In previous post I measured execution speed of static and instance methods. Here I’ll dig deeper and I’ll try to find where the difference comes from. Bear in mind, I don’t have a deep knowledge of processors, JIT or assembly. I’m just thinking out loud, poking and observing.
What’s the main difference between static and instance method? Yes. The
this parameter. And also whether the call is direct or indirect (aka virtual). Could these two pieces be the reason for the speed difference?

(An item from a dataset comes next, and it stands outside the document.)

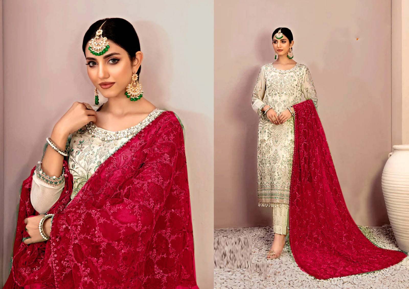 This ensemble perfectly blends subtle grace with celebratory vibrance. The combination of a neutral base and a golden-yellow dupatta makes it ideal for festive events or wedding guest attire. It’s timeless, regal, and effortlessly elegant.

this argument is not eating too much of time as one can easily prove comparing times for
Static2 in previous post. These times are virtually the same (RyuJIT on .NET 64-bit times I consider being an exception rather than a rule). But the
this argument also needs to be validated that it’s not
null. In case of virtual call, the address of method to be called needs to be found.
What is processor instructed to do
Static method call.
00007FF86D6304C4 call 00007FF86D6300A8
And compare this to direct instance method call.
00007FF86D6204C4 cmp dword ptr [rcx],ecx 00007FF86D6204C6 call 00007FF86D6200B0
cmp [rcx], ecx is clearly the validation of
this. Looking at generated assembly for various method I’m pretty sure both CLR and CoreCLR are using fastcall-like calling convention (in the assembly snippet above in 64-bit version). In this convention the
RCX register is first integer argument. In common languages that’s where the
this is. The result of
cmp is not used, but that’s fine. Just trying to dereference the
RCX in case it’s
0, will raise segfault and subsequently
NullReferenceException. Moving forward to virtual call.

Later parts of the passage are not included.